Thanks for making my argument. They knew what they were doing.

My understanding is that the probability of success was largely premised on smaller, simpler models that showed the language model concept to be promising. But if you’re trying to suggest that the researchers or funding providers knew exactly how ChatGPT would perform in a massively scaled-up version, that’s absolutely not the case. Even today the research continues and new surprises continue to appear.
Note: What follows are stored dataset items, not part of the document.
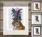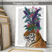 Bright and funky tiger wearing a botanical head dress full of tropical flowers.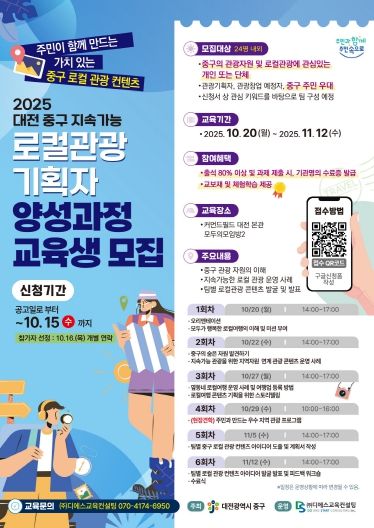모집 대상은 중구의 관광자원 및 로컬관광에 관심 있는 개인 및 관광 창업 예정자 등이며, 중구 주민을 우대하여 선발할 예정이다. 신청은 공고일로부터 10월 15일까지 온라인(구글폼 또는 QR코드)을 통해 가능하다.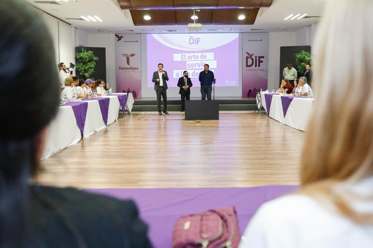El director general del DIF Tamaulipas, Geancarlo Bonetta Cavazos, dijo que para la presidenta estatal del DIF María de Villarreal, es muy importante ofrecerles el mayor número de herramientas para servir a las familias; y reconoció la participación mostrada por las y los asistentes; “gracias por su vocación y dedicación para seguir mejorando y no solamente para servir sino para llevarse a casa y que les pueda ayudar como personas, porque todos somos DIF, unidos para transformar Tamaulipas”.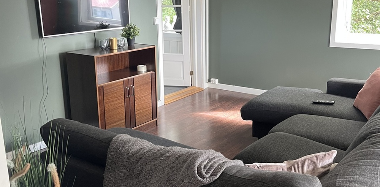 🛋️Fellesarealene er møblert og har det meste som trengs. Stuen kommer med spisebord, sofa, tv, tv benk, diverse skap og hyller etc… Stuen har flere, store vinduer så om sommeren er det rikelig med sollys fra morgen til kveld.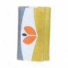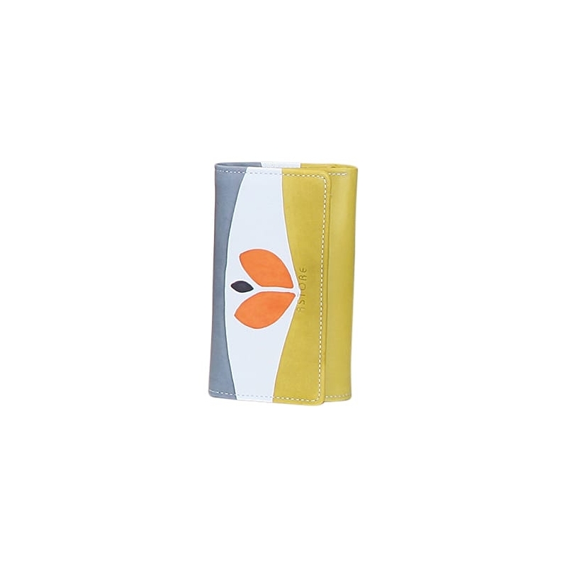Portafoglio colorato in pelle dipinta a mano. 3 scomparti di cui uno con chiusura zip con porta monete e porta carte di credito. Ottimo come idea regalo o da abbinare alla tua borsa Acquerello. Colori grigio, arancione, verde e nero e motivo tulipano.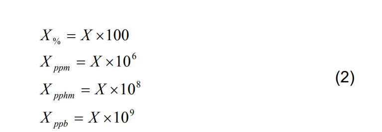 這通常是一個非常小的數字,因此混合比通常以百分比、百萬分之幾、億分之幾或十億分之幾(全部按體積,而不是質量)表示,如下所示: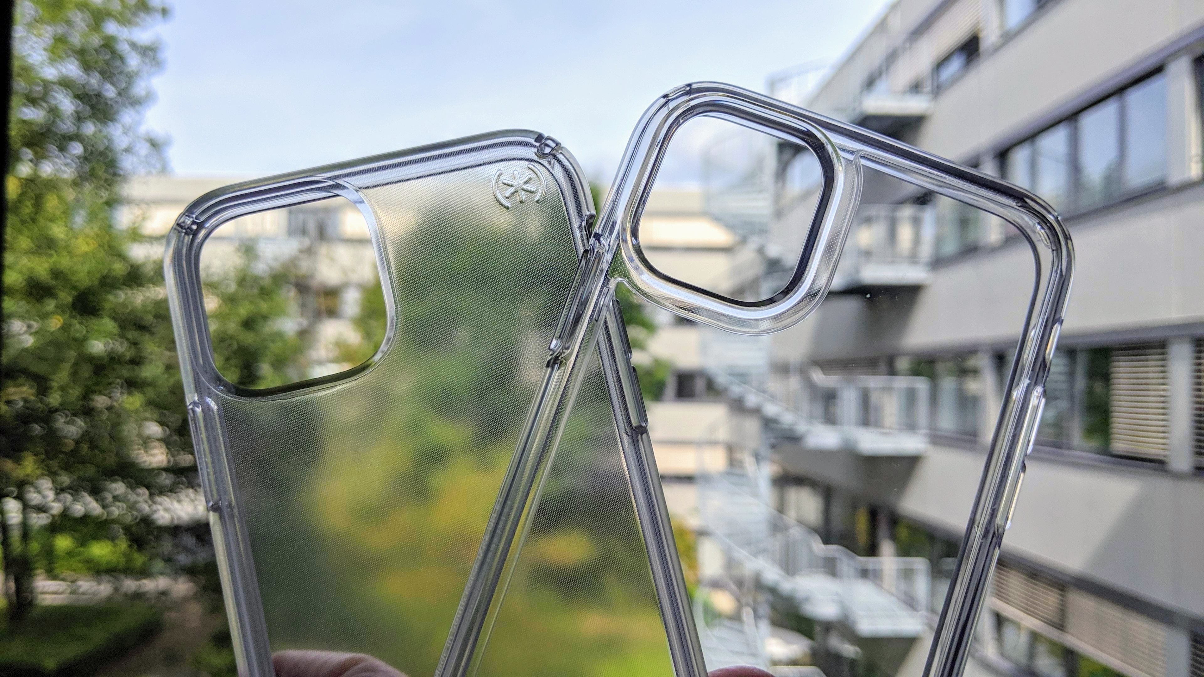 Gut gefällt uns die Spigen Ultra Hybrid für moderate 10,99 Euro. Obwohl die transparente Hülle aussieht wie aus einem Guss, besteht der weiche Rahmen aus einem anderen Material als die feste Rückseite, die innen wie außen komplett glatt ist. Das ist ungewöhnlich, die meisten transparenten TPU-Hüllen rauen die Innenseite leicht auf, um die Rückseite vor Mikrokratzern zu schützen. Das hat dann jedoch den Nachteil, dass die Hüllen nicht mehr perfekt transparent sind, sondern eher milchig wirken. Spigen kann bei der Ultra Hybrid darauf verzichten, da es einen minimalen Anstand zwischen Rückseite und Hülle gibt.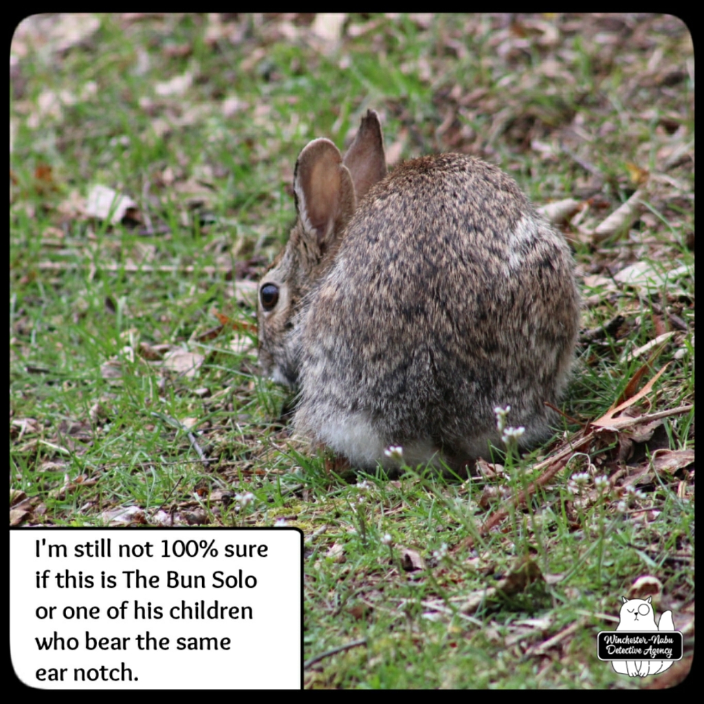There’s also Silver Blaze to consider. She has a white blaze on her forehead. This bunny creature that I encountered didn’t turn around to face me so I never got a look at its forehead. However, Silver Blaze never had the ear notch like Bun Solo.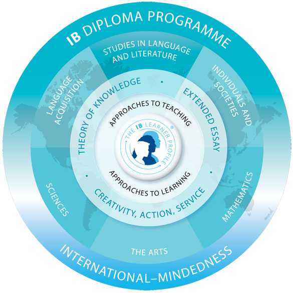 IB Diploma Programı müfredat çerçevesi ana konuların etrafındaki altı bilgi alanını göstermektedir. IB Diploma öğrencilerinin her gruptan bir ders almaları gerekmektedir. Altı dersin en az üçü ileri Düzey (HL) ve diğer üç dersi ise standart düzeyden (SL) olmalıdır. Buna ek olarak, öğrenciler Bilgi Kuramı dersi (TOK) alırlar, Bitirme Tezlerini teslim ederler ve CAS (Yaratıcılık, Hareket ve Toplum Hizmeti) çalışmalarında yer alırlar.
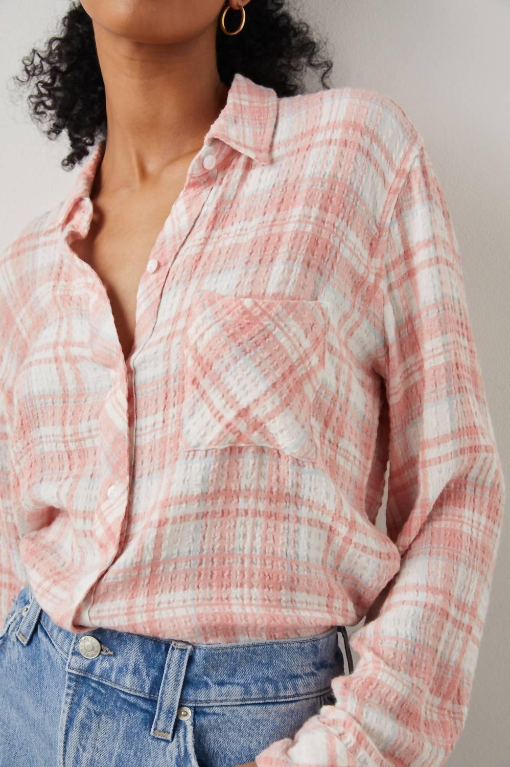Представляем рубашку Brady от Rails - шикарное дополнение к вашему гардеробу с изысканным клетчатым узором White Peach Cloud. Эта рубашка на пуговицах с длинными рукавами изготовлена из мягкого шелка (66% вискозы, 31% полиэстера, 3% спандекса) длиной 26,375 дюйма. Благодаря классическому воротнику и практичным карманам она идеально подходит для весенних мероприятий в стиле преппи или стильной праздничной вечеринки. Уход: ручная стирка и сушка на горизонтальной поверхности - так она сохранит свой первоначальный вид.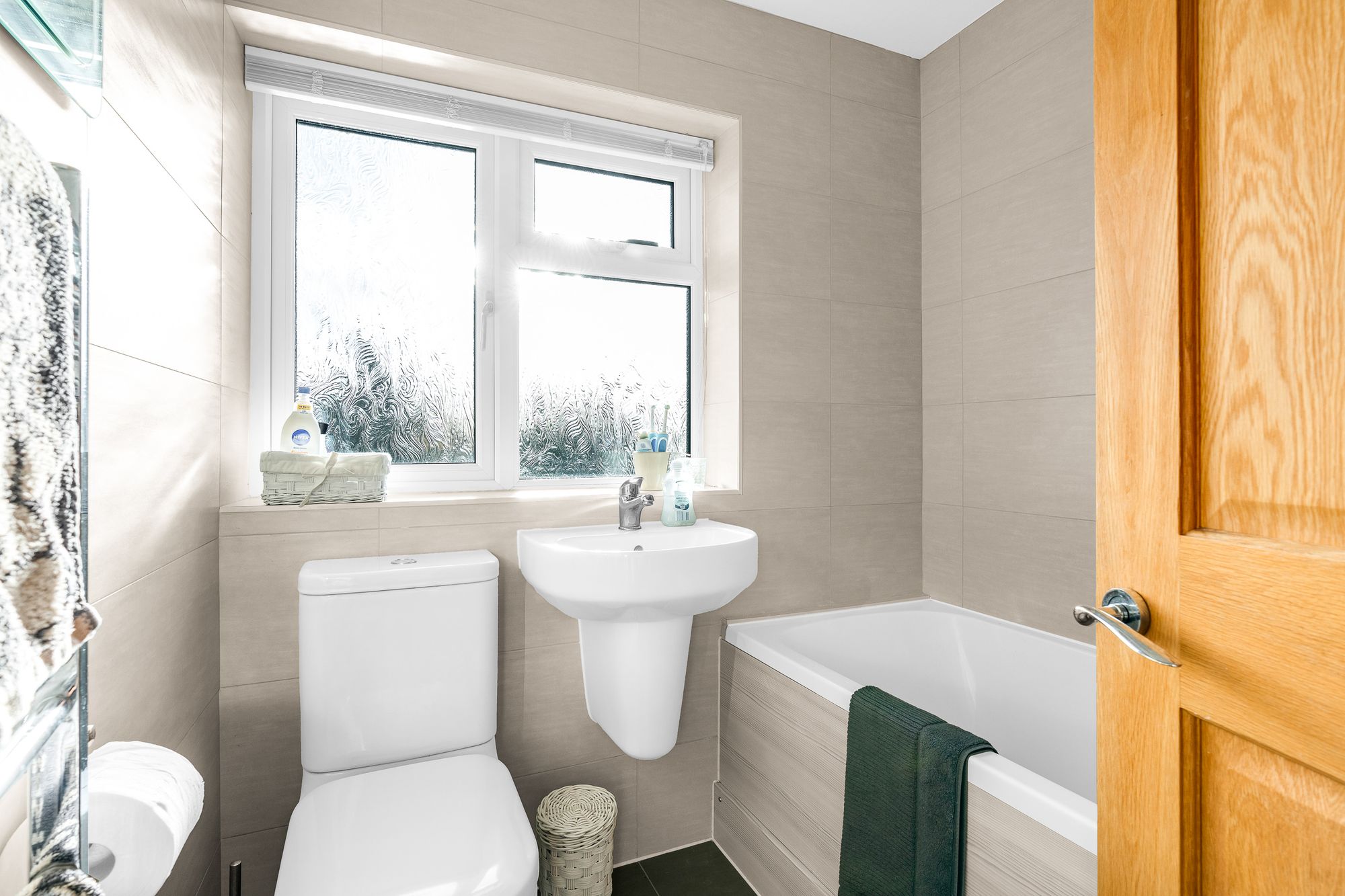 With double glazed window to rear aspect with obscure glass. Fitted with a suite comprising panel enclosed bath, wall hung wash hand basin, dual flush wc, fully tiled, chrome heated towel rail.

That’s not remotely the same thing as knowing how the assembled and trained system would perform, or even why it responds the way it does. For all anyone knew, it could well have been a total failure, proving only that scale alone doesn’t significantly improve cognitive skill. Instead it proved the opposite.

Well yes, that’s the nature of development. I’m not sure what the argument is here. You are familiar with R&D. I am familiar with R&D funding. We both know that there is a large degree of risk in development and total success is a pleasant surprise. We also know that there is an element of theater in presenting to the media.

Sometimes that happens, but sensationalism is usually the creation of the media itself, not the researchers. I haven’t seen anything like that coming out of OpenAI. That there are mysteries and surprises in ChatGPT like the emergence of novel skills isn’t “theater”, it’s fact.

That… is not the point I was arguing against, whatsoever.

It’s like the difference between understanding the mechanics of evolution, and understanding what individual genes do, versus being able to program with DNA the way we do with computer code. Or having an understanding of both neurons and psychology versus understanding the complete mechanics of the human brain.

We understand the mechanics of neural networks, at an individual neuron level. We also have some ideas of how they evolve over time when trained, in a general sense.

That doesn’t mean that we “understand how they work”, any more than we understand how conciousness arises in the brain or how to read DNA like a book.

Absolutely right - the individual nodes are very easy to understand. The thing that’s difficult to understand is what they’re actually doing together when ‘together’ means 175 billion of them are interacting with each other.

The engineers at OpenAI had strong reason to believe that interesting new capabilities would emerge when they went from ChatGPT 2 to ChatGPT 3, and from 3 to 3.5, and from 3.5 to 4, because new capabilities had emerged every previous time when they had made the network or training dataset larger. But they didn’t even know what those new capabilities would be. And they certainly didn’t know how those capabilities would work.

This is quite simply factually incorrect, and I don’t know why you keep saying it. There are way too many parameters for humans to even be capable of having specified every one. The system set its own values for those parameters, in the process of digesting the training data set.

Read what you quoted. Are you not familiar with software programming techniques?